En entregas semanales 


Entrega 57  (8 julio 2023)

...Y así fue, teniendo todos esos líderes que guardar cama, aquejados de una misma enfermedad que les impedía abandonar sus lechos.

Mientras tanto, las indagaciones del mago Flor condujeron al hallazgo de un hombre joven, un poderoso noble, primo de Yasin, de nombre Emran, que se había mantenido al margen de aquellas luchas, dedicado al estudio y a la meditación. El gran mago estimó que Emran era el hombre idóneo para gobernar aquella región y devolverla la tranquilidad y la estabilidad. Así, el mago Flor pudo invocarle mentalmente, incitándole a pensar en la situación catastrófica por la que pasaba su región y sus gentes, a causa de aquella guerra fratricida. Paulatinamente, aquellos pensamientos, que le surgían al joven Emran en medio de sus sesiones de meditación, se iban apoderando de su mente. De esa forma, su interés por lo que estaba sucediendo en Ashroq iba en aumento.
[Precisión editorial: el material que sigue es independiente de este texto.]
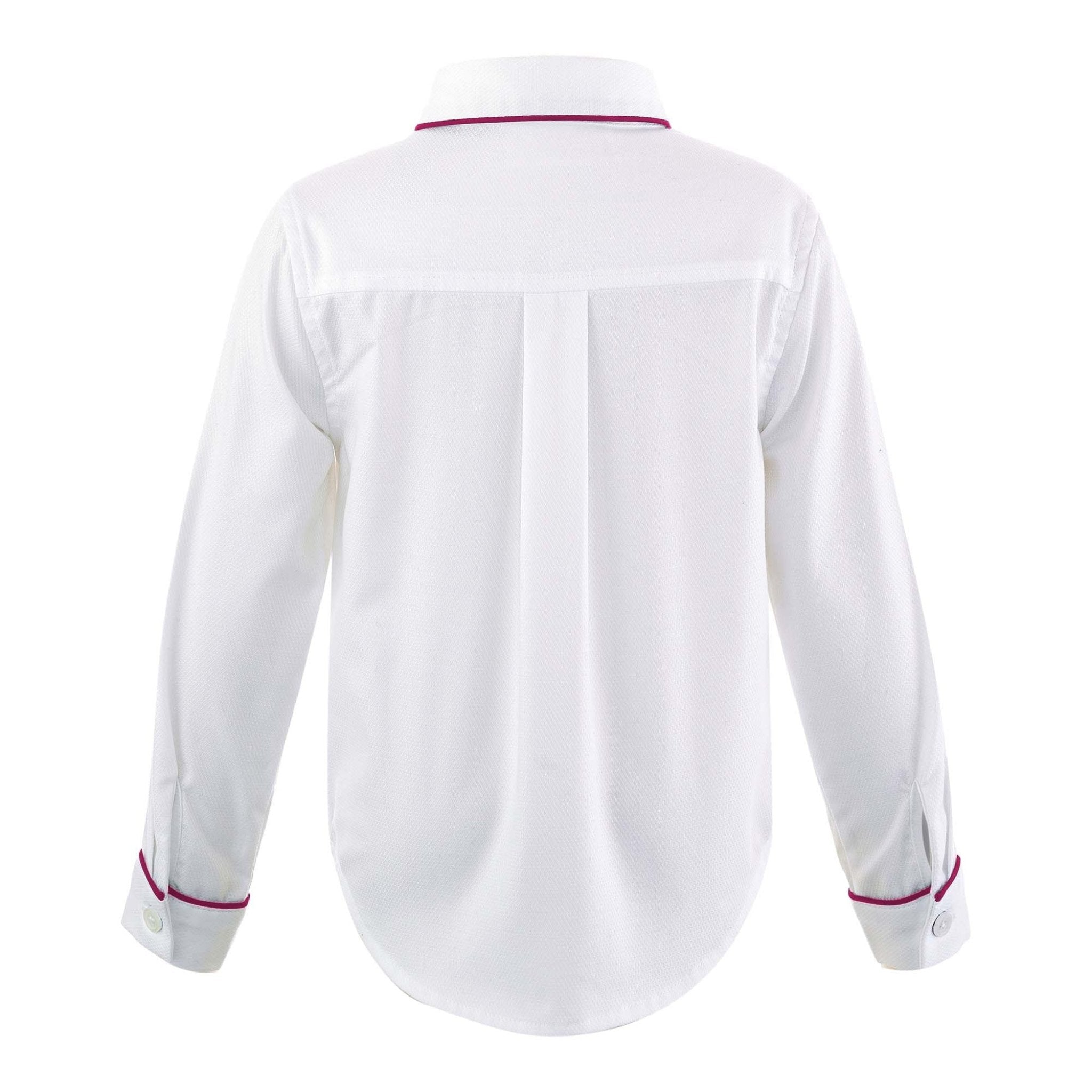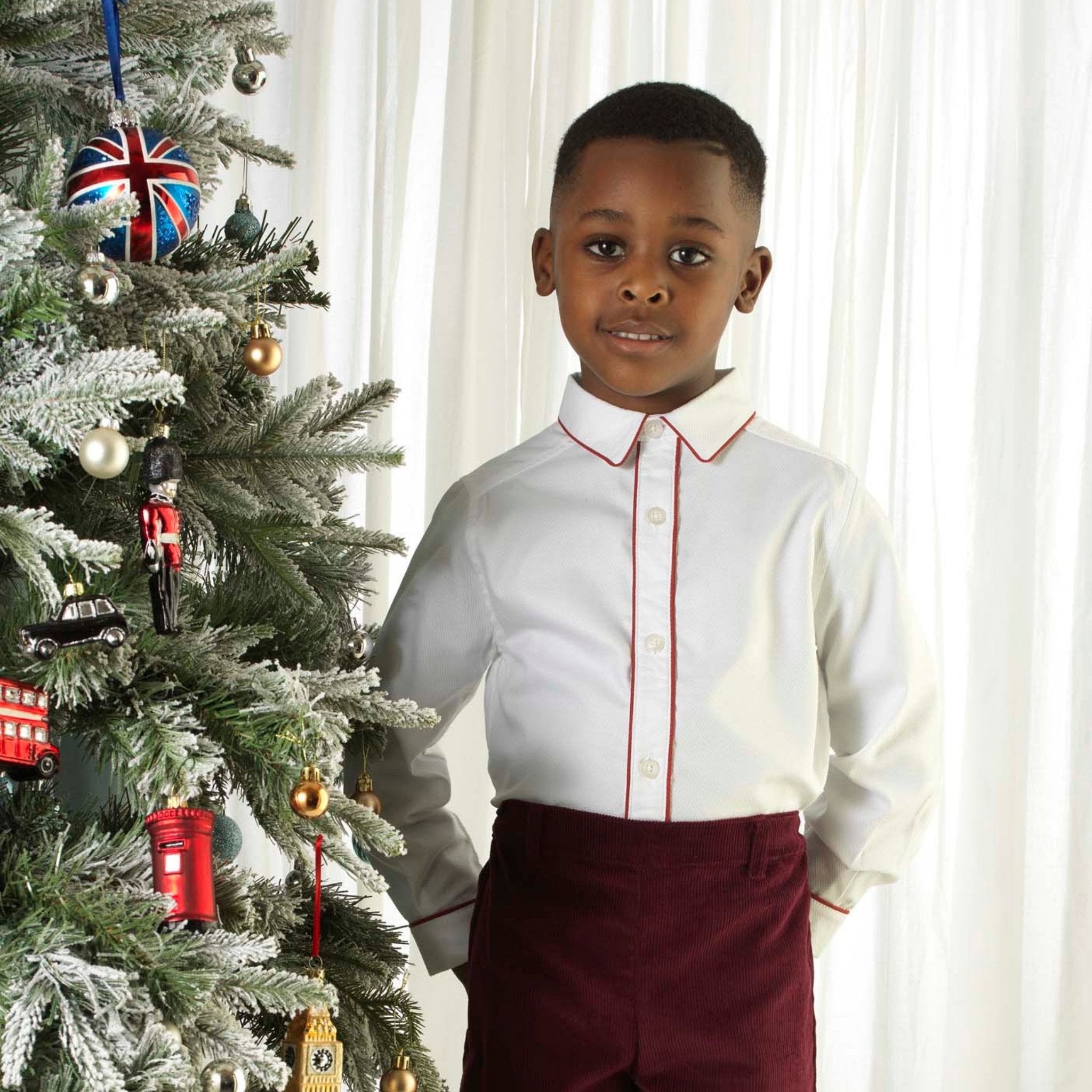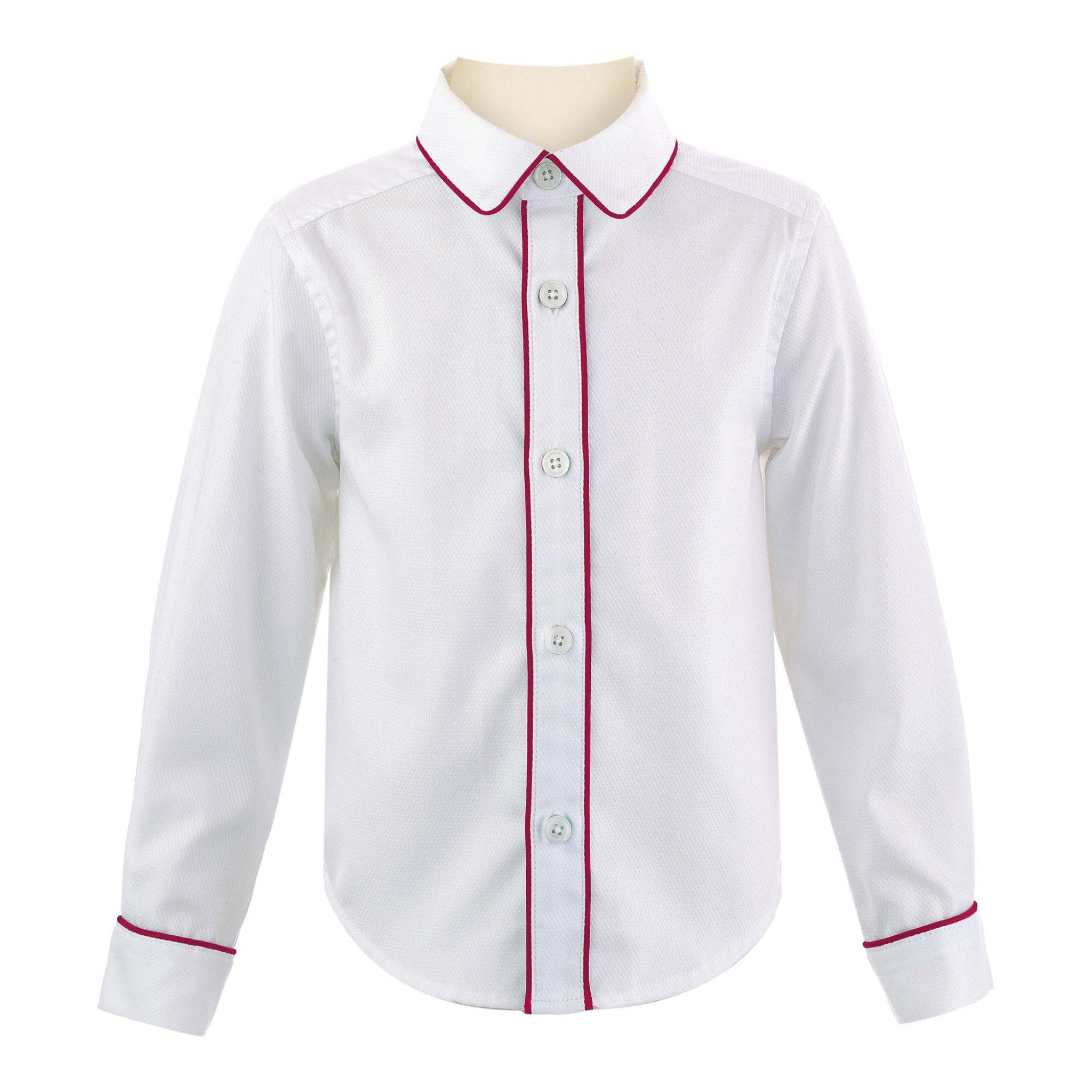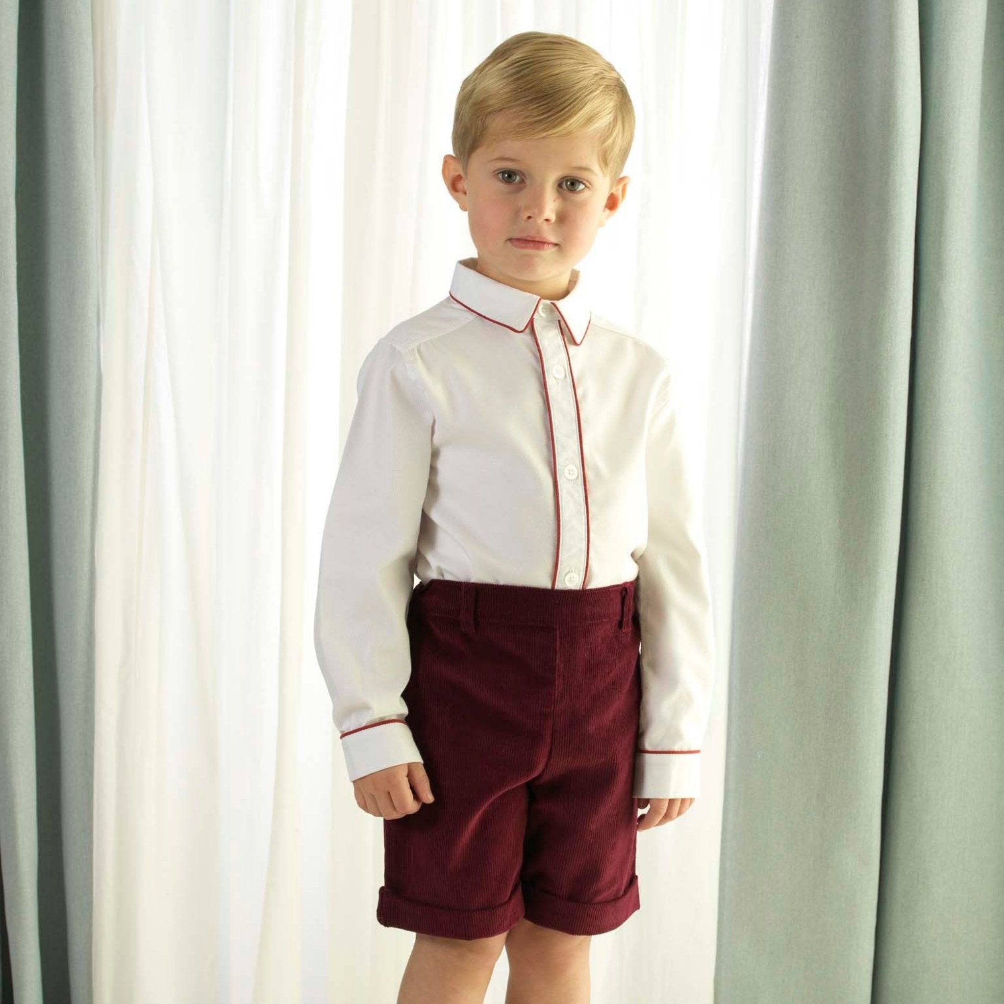 Formal shirt in premium ivory pique cotton trimmed with a contrasting piping at the collar edge, cuffs and button placket. Team with a pair of shorts or corduroy trousers from our collection for the perfect outfit, or layer up with one of our cosy knitwear pieces. Also available with a navy or red trim. Coordinating item available for baby boys.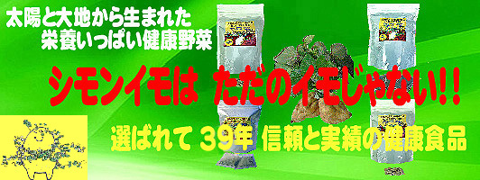 当社は、シモンイモ一筋39年! 信頼と実績の健康野菜【シモンイモ】・ 健康食品【サンシモン】をぜひ一度お試しください。 |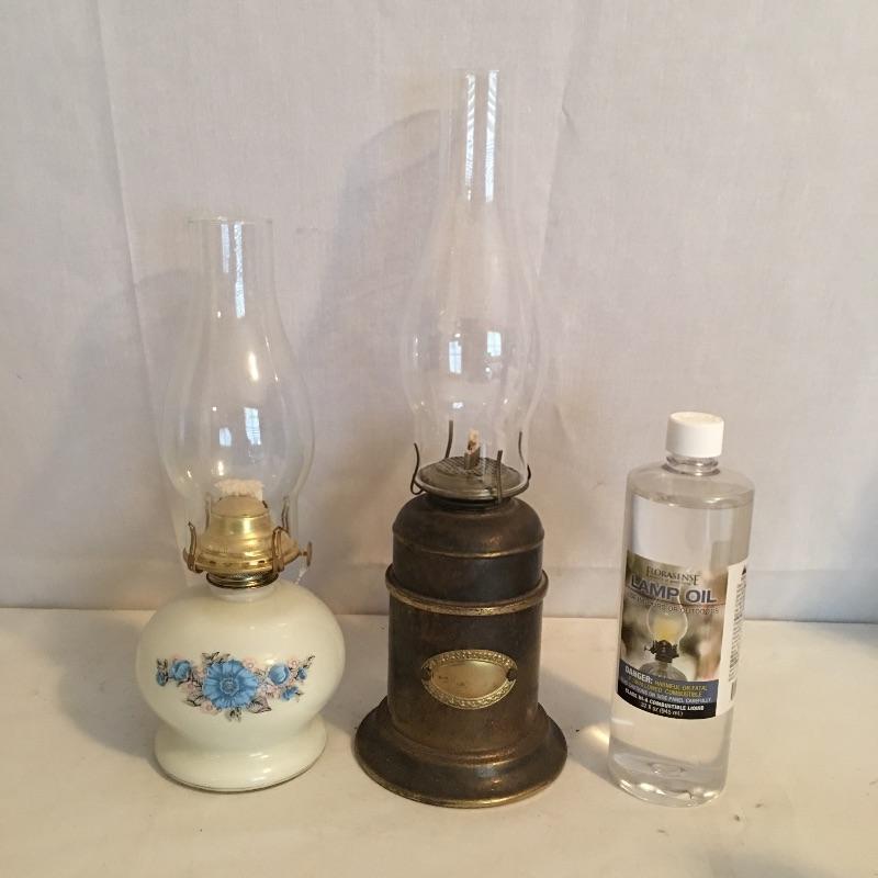 Pair of oil lamps with oil. Light up your life with this pair of oil lamps.
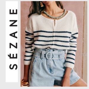 Sezane Gaspard Cardigan in Stripe navy/ecru S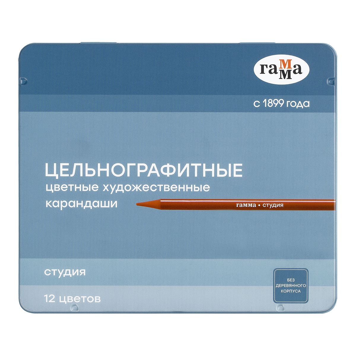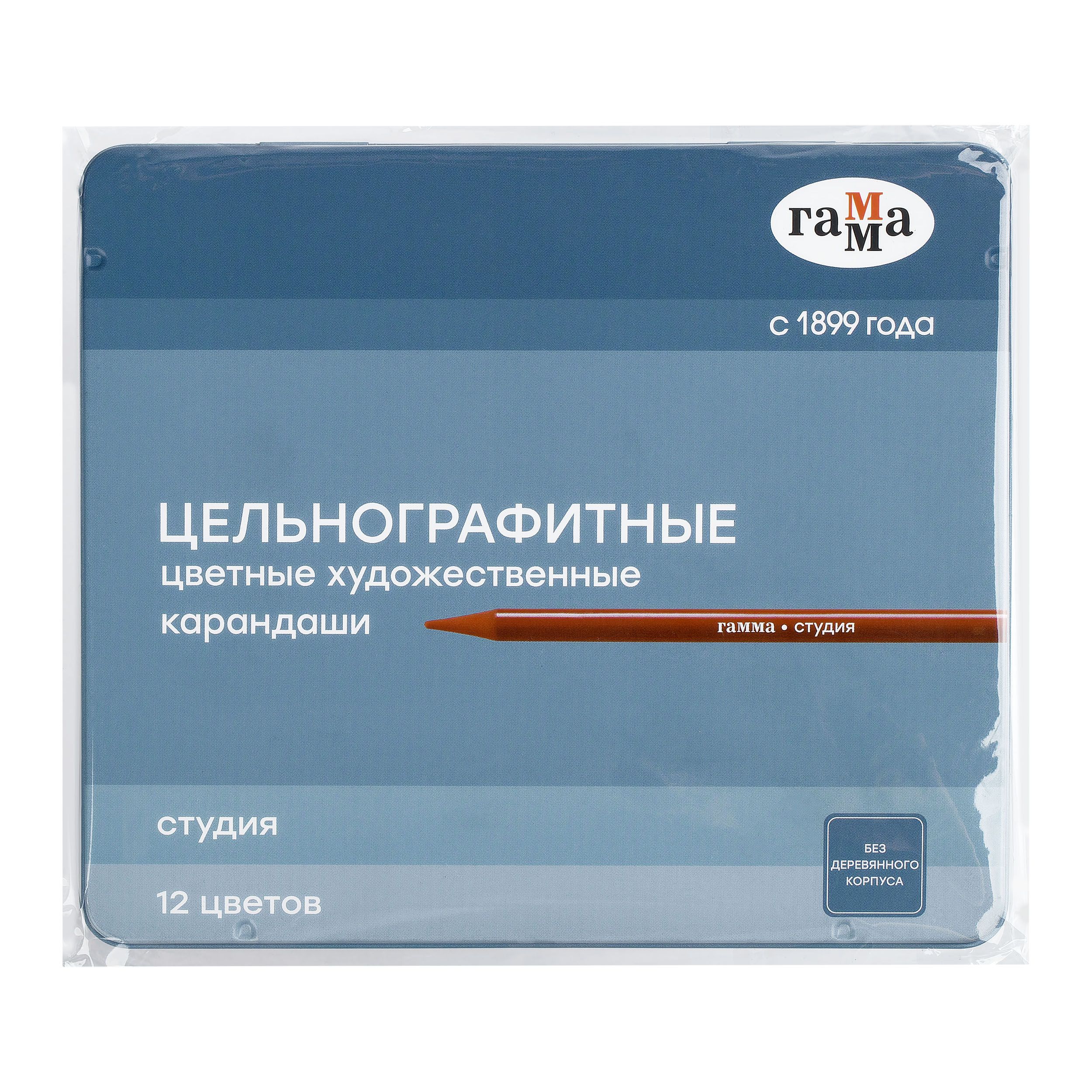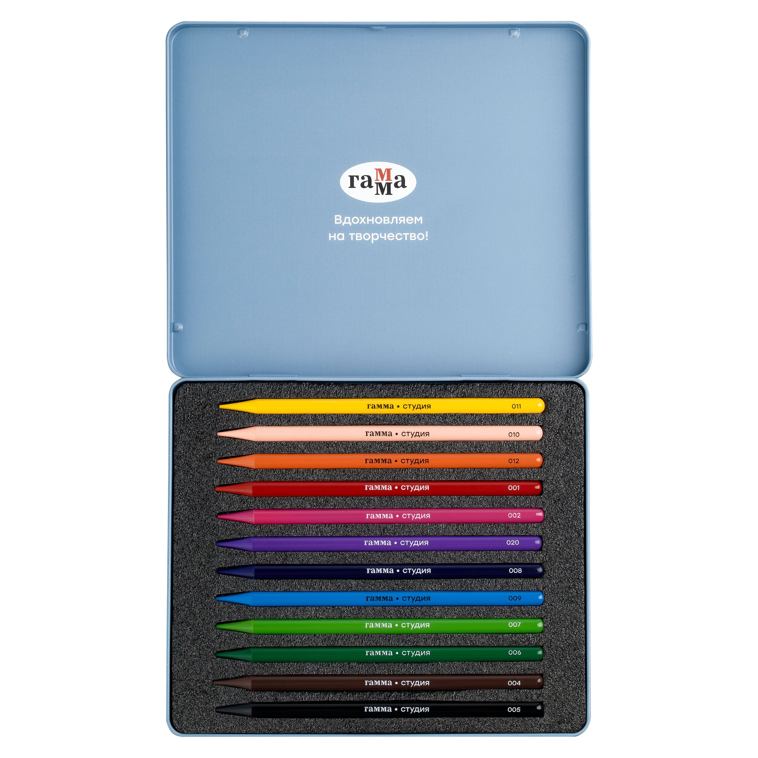 Карандаши цельнографитные цветные Гамма "Студия", 12 цв, заточенный, метал. пенал

No le gustaba en absoluto el estado de caos en el que estaba hundiéndose, en ausencia total, que le sorprendió enormemente, de todos los líderes, que hasta hacía poco estaban enzarzados en aquella interminable guerra.

Emran, que nunca antes se había ocupado de los asuntos del gobierno, aunque siempre estuvo al tanto de lo que pasaba en las altas esferas del poder, decidió tomar las riendas del país en sus manos. Para ello, inducido y aconsejado siempre por Habib, a quien el mago Flor le encargó seguir con Emran hasta llevarle a la cúspide del poder, el nuevo aspirante al cargo fue a visitar a todos y cada uno de los líderes enemistados, convertidos en presos de sus lechos y abandonando forzosamente las luchas, a quienes les pidió que le firmaran su apoyo para obtener el cargo de gobernador. Dado que todos estaban completamente incapacitados y, sabiendo todos de la discapacidad del resto de sus contrincantes de días atrás, ninguno de ellos se negó.

Con estos respaldos por escrito, Emran tomó las riendas del poder de la región este de Qanunistán, y envió al sultán Nuriddin sus emisarios, rindiéndole pleitesía y obediencia, a lo que Nuriddin, tras consultar con Muhammad Pachá, Qasem Mir y con su propia hija, Amarzad —quien le había informado con detalle de lo que pasaba en la región de Ashorq—, confirmó al nuevo gobernador en el cargo.

Poco después, llegaba a Dahab una tropa formada por más de veinte mil hombres, bien pertrechados, enviados por Emran para reforzar la defensa de Dahab.

Al mismo tiempo, llegaba al palacio del gobernador el grupo de pueblerinos encabezados por el viejo Liaqat, que habían acudido, semanas antes, al mago Flor, solicitando su ayuda. Liaqat portaba una misiva dirigida a Emran, sellada por el propio sultán Nuriddin, y que fue escrita a petición de la princesa Amarzad. La misiva contenía la orden de nombrar a Liaqat en el cargo de visir, dedicado a todo lo relacionado con el campesinado, además de dotar con sueldo vitalicio de visir a cada uno de los componentes de aquel reducido grupo de valientes, sin cuyos esfuerzos la región se hubiera hundido definitivamente en el caos.

 

Capítulo 44                          La batalla de Sundos                             

 

R

adi Shah y Akbar Khan, se separaron tras aquella breve negociación que mantuvieron a solas sin apearse de sus monturas. El primero regresó a las filas de su ejército lleno de temores e incertidumbres acerca de lo que acontecería a partir de aquel momento, mientras que el otro desbordaba confianza en los advenimientos en el horizonte.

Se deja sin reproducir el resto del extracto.